(Task item)
Copy out the listing that follows, exact in every word, and skip the images.

(Source material)
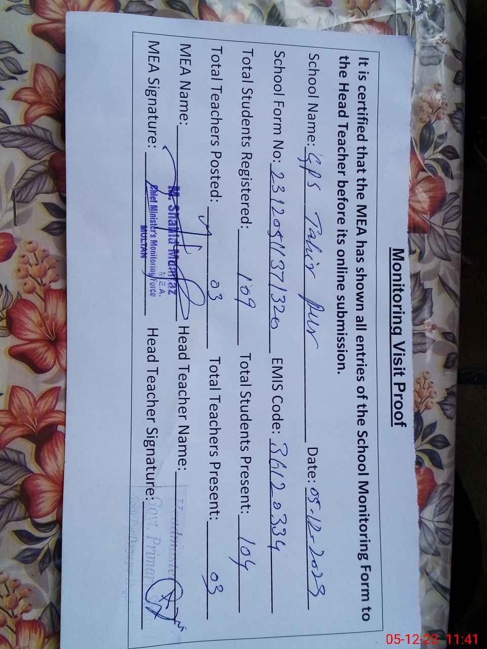 | EMIS Code: 36120334 | Name of School: GPS TAHIR PUR SHUJABAD | |||
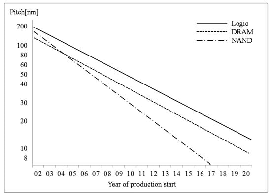Pitch change in the lithography process (2002–2020). DRAM, Dynamic Random-Access Memory; NAND, Negative-AND gate flash memory.
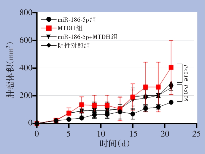 背景与目的 人表皮生长因子受体2(HER2)阳性乳腺癌侵袭性强、预后较差,微小RNA(miRNA)在其发生发展中发挥重要调控作用。miR-186-5p作为新近报道的肿瘤相关miRNA,其在HER2阳性乳腺癌中的作用机制尚未明确。本研究旨在探讨miR-186-5p对异黏蛋白(MTDH)的靶向调控关系及其对HER2阳性乳腺癌移植瘤生长的影响。方法 采用TargetScan预测miR-186-5p与MTDH的靶向结合位点,并通过双荧光素酶报告实验验证。构建miR-186-5p过表达、MTDH过表达及联合转染的BT-474细胞系,检测各组miR-186-5p与MTDH的mRNA和蛋白表达。将转染后的细胞接种于裸鼠皮下建立HER2阳性乳腺癌移植瘤模型,动态观察肿瘤生长情况,并于第28天测定肿瘤体积与质量,同时检测移植瘤组织中miR-186-5p和MTDH的表达水平。结果 双荧光素酶报告实验表明,miR-186-5p可直接靶向结合MTDH mRNA的3'-UTR。与阴性对照组比较,miR-186-5p过表达可明显下调MTDH mRNA及蛋白表达,而MTDH过表达可上调其表达,并可部分逆转miR-186-5p对MTDH的抑制作用(均P<0.05)。体内实验结果显示,miR-186-5p过表达组移植瘤的生长速度、肿瘤体积及质量均明显低于阴性对照组,MTDH过表达组则明显升高(均P<0.05),而miR-186-5p与MTDH联合转染组与阴性对照组差异无统计学意义(均P>0.05)。体内实验进一步证实,在移植瘤组织中,miR-186-5p过表达组miR-186-5p水平明显升高,MTDH的mRNA及蛋白表达明显下调;MTDH过表达组MTDH表达显著升高;联合转染组MTDH表达与阴性对照组差异无统计学意义(均P>0.05)。免疫组化结果与分子检测结果一致。结论 miR-186-5p可通过靶向抑制MTDH的表达,显著抑制HER2阳性乳腺癌小鼠移植瘤的生长,二者可能构成HER2阳性乳腺癌的重要调控通路,为其分子靶向治疗提供了新的实验依据。
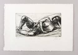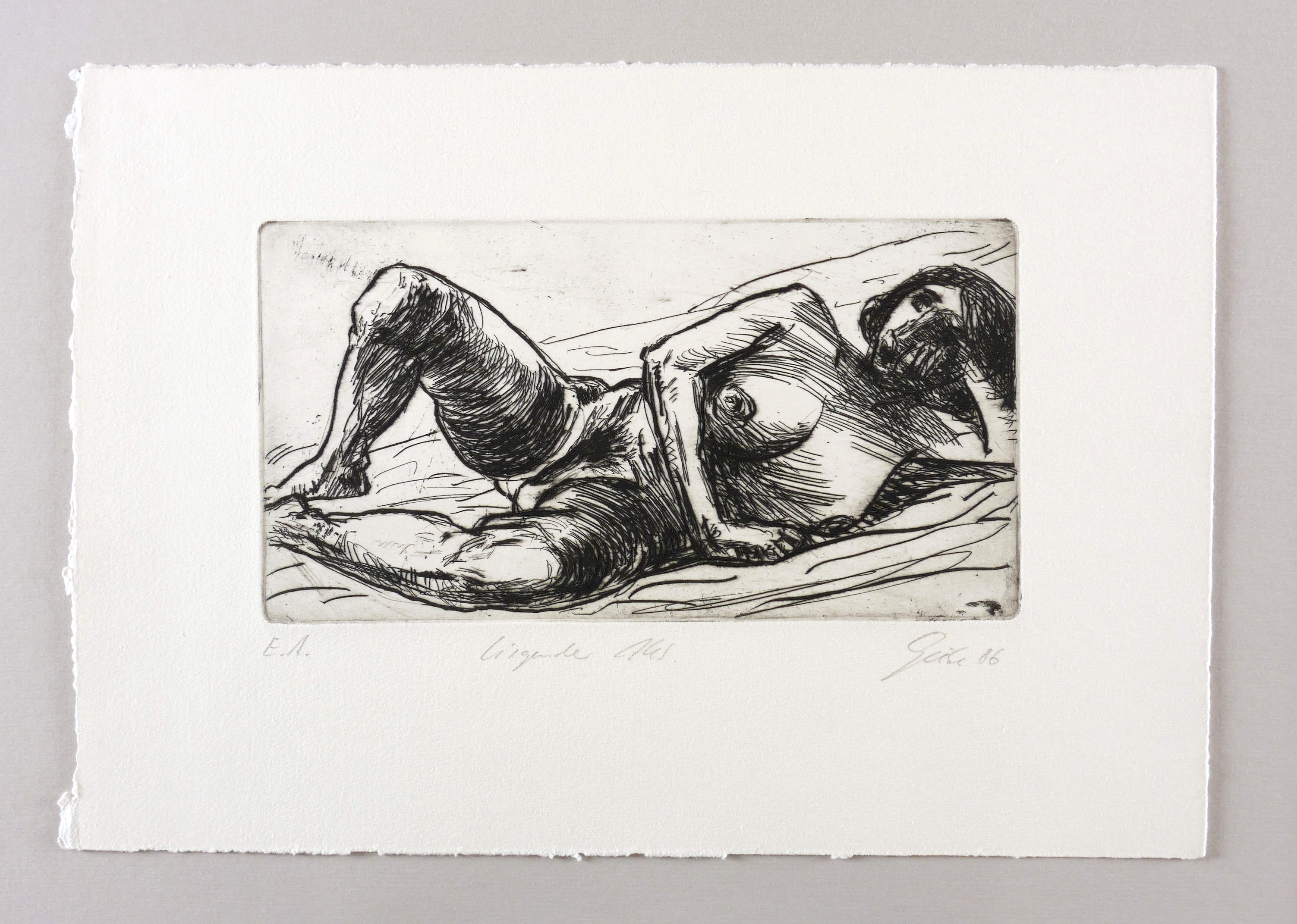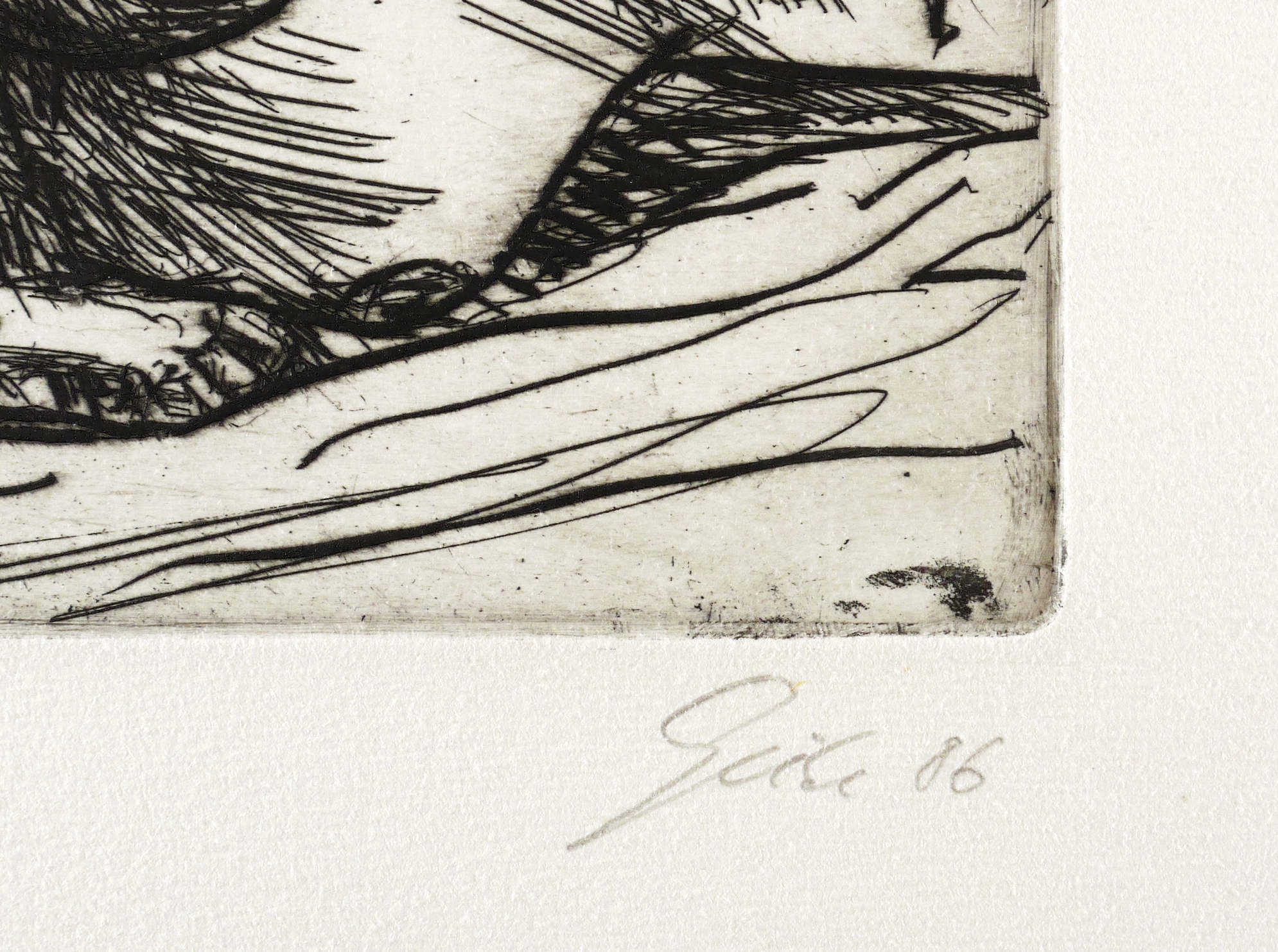 1986. Radierung / Strichätzung, in Schwarz, auf hellchamois Hahnemühle-Bütten. – Originale Künstlergrafik, von Hubertus Giebe. – Künstlerexemplar (e.a.). – 14,8 x 27,7 cm (Darstellung / Platte), 29 x 42 cm (Blatt).

(The completed task)
 | EMIS Code: 36120334 | Name of School: GPS TAHIR PUR SHUJABAD | |||
Pitch change in the lithography process (2002–2020). DRAM, Dynamic Random-Access Memory; NAND, Negative-AND gate flash memory.
 背景与目的 人表皮生长因子受体2(HER2)阳性乳腺癌侵袭性强、预后较差,微小RNA(miRNA)在其发生发展中发挥重要调控作用。miR-186-5p作为新近报道的肿瘤相关miRNA,其在HER2阳性乳腺癌中的作用机制尚未明确。本研究旨在探讨miR-186-5p对异黏蛋白(MTDH)的靶向调控关系及其对HER2阳性乳腺癌移植瘤生长的影响。方法 采用TargetScan预测miR-186-5p与MTDH的靶向结合位点,并通过双荧光素酶报告实验验证。构建miR-186-5p过表达、MTDH过表达及联合转染的BT-474细胞系,检测各组miR-186-5p与MTDH的mRNA和蛋白表达。将转染后的细胞接种于裸鼠皮下建立HER2阳性乳腺癌移植瘤模型,动态观察肿瘤生长情况,并于第28天测定肿瘤体积与质量,同时检测移植瘤组织中miR-186-5p和MTDH的表达水平。结果 双荧光素酶报告实验表明,miR-186-5p可直接靶向结合MTDH mRNA的3'-UTR。与阴性对照组比较,miR-186-5p过表达可明显下调MTDH mRNA及蛋白表达,而MTDH过表达可上调其表达,并可部分逆转miR-186-5p对MTDH的抑制作用(均P<0.05)。体内实验结果显示,miR-186-5p过表达组移植瘤的生长速度、肿瘤体积及质量均明显低于阴性对照组,MTDH过表达组则明显升高(均P<0.05),而miR-186-5p与MTDH联合转染组与阴性对照组差异无统计学意义(均P>0.05)。体内实验进一步证实,在移植瘤组织中,miR-186-5p过表达组miR-186-5p水平明显升高,MTDH的mRNA及蛋白表达明显下调;MTDH过表达组MTDH表达显著升高;联合转染组MTDH表达与阴性对照组差异无统计学意义(均P>0.05)。免疫组化结果与分子检测结果一致。结论 miR-186-5p可通过靶向抑制MTDH的表达,显著抑制HER2阳性乳腺癌小鼠移植瘤的生长,二者可能构成HER2阳性乳腺癌的重要调控通路,为其分子靶向治疗提供了新的实验依据。
 1986. Radierung / Strichätzung, in Schwarz, auf hellchamois Hahnemühle-Bütten. – Originale Künstlergrafik, von Hubertus Giebe. – Künstlerexemplar (e.a.). – 14,8 x 27,7 cm (Darstellung / Platte), 29 x 42 cm (Blatt).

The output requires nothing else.